Can you explain a bit more about the ‘compatibility mode’? Why not auto-connect these as well?
Should /etc/default/keyboard perhaps be added to the base template in snapd since this feels like something that other snaps would require access to?
Should the virt-viewer settings and virt-install log use $HOME rather than $SNAP_REAL_HOME and so be local to the uvt snap? Why try and share these with the host?
Regarding voting then:
+1 from me for auto-connect of gpg-public-keys, libvirt and the system-files instance named run-libvirt-libvirt-sock-ro until the newer version of snapd is available
Whilst you haven’t requested it, I think the dot-uvt-dot-conf should be auto-connect since this snap is the clear owner of that path (but I think this might be better named dot-uvt-conf instead)
+1 from me for use of but not auto-connect for ssh-keys
uvt has been slightly modified to better fit snap philosophy. By default, $HOME is set in $SNAP_USER_COMMON, and all the required configuration, ssh_keys, isos and VMs are stored there. That makes the snap totally auto contained, guaranteeing a clean environment upon removal of the snap.
Whilst this is the preferred usage for new installations, there are a lot of already existent deployments that can also benefit from this snap. That’s where the compat mode comes into play.
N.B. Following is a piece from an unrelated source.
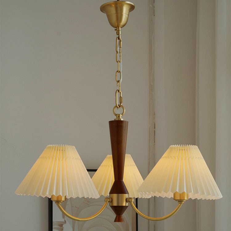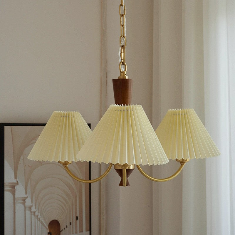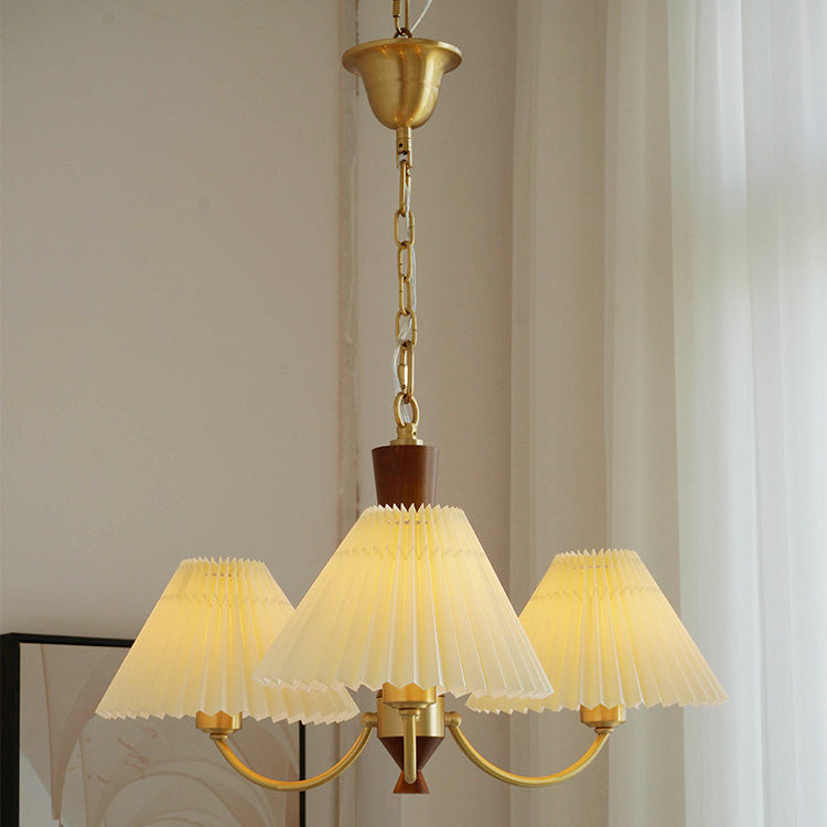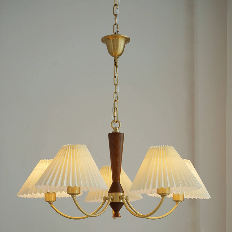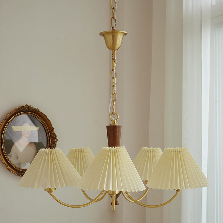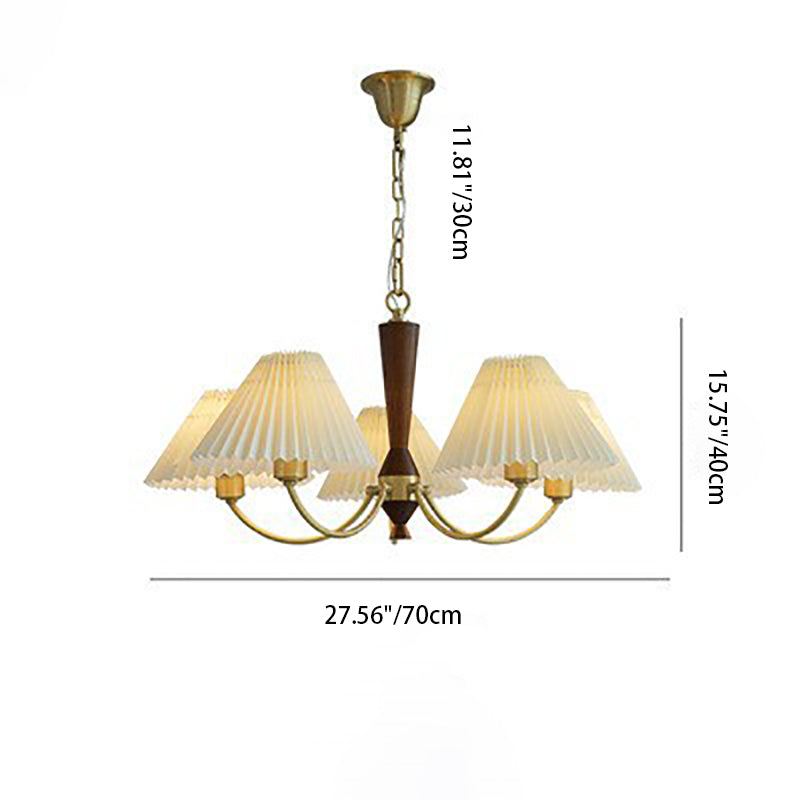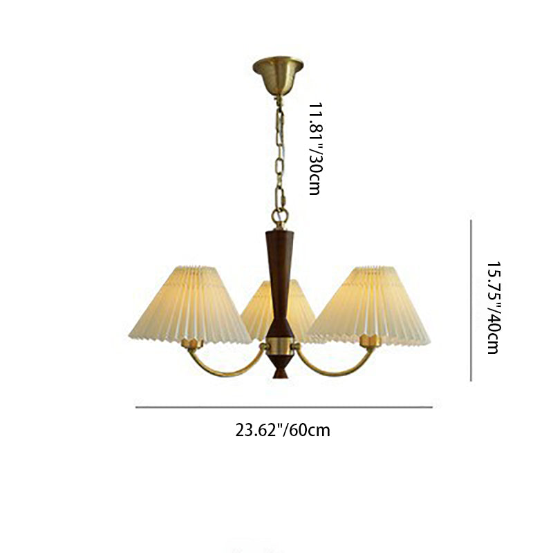 Traditional Vintage Pleated Fabric Shade Wood Brass Frame 3/5-Light Chandelier For Living Room

If the $UVT_SNAP_COMPAT env variable is set, the snap will change its home directory to the real home ($SNAP_REAL_HOME). Only in this case access to ssh-keys, dot-uvt-dot-conf, dot-cache-virt-manager-virt-install-dot-log and dot-config-virt-viewer-settings interfaces are required.
Considering that ssh-keys, dot-uvt-dot-conf, dot-cache-virt-manager-virt-install-dot-log and dot-config-virt-viewer-settings are only required for the compatibility mode, that either all or none of them are required and that I expect uvt users being able to manually connect those interfaces if required (following the documentation that would be updated accordingly) I decided to only require manual connection to guarantee the minimum privilege principle.
I’ve opened a PR, so we can have there the discussion. I’ll be great if I can get auto-connection for this one also until the change would be released ^^
Those are only required in the compat mode. I think that makes sense (specially virt-viewer settings) to be consistent with the original behaviour
Hey, I would like to additionally request read permissions to /var/lib/snapd/hostfs/var/lib/libvirt/dnsmasq via system-files until a new version of snapd including this PR would be released
I’m requesting auto-connection for hostfs-var-lib-libvirt-dnsmasq system-files as it is required by libnss_libvirt to work. The PR adding this rule to libvirt interface has already been merged to snapd master, so this additional hostfs-var-lib-libvirt-dnsmasq system-files could be removed once the new snapd version would be released (as happens to /etc/default/keyboard and /run/libvirt/libvirt-sock-ro). I will keep track of it.
+1 as well from me for use but not auto-connect of:
Since those are only needed in compatibility mode. Thanks @jslarraz for taking care of ensuring the min privileges needed. +2 votes for, 0 votes against. This is now live.
+1 from me as well for the requested auto alias since I don’t find any conflicting situation that would prevent this to be allowed. +2 votes for, 0 votes against. This is now live.
I see both PRs have been merged but are not released yet so please @jslarraz let us know when this is available and we can remove the extra accesses granted.
For the record, snapd 2.62 is now available in stable channel. I’m removing etc-default-keyboard, run-libvirt-libvirt-sock-ro and hostfs-var-lib-libvirt-dnsmasq interfaces (and declarations allowing their use) as they are not needed anymore.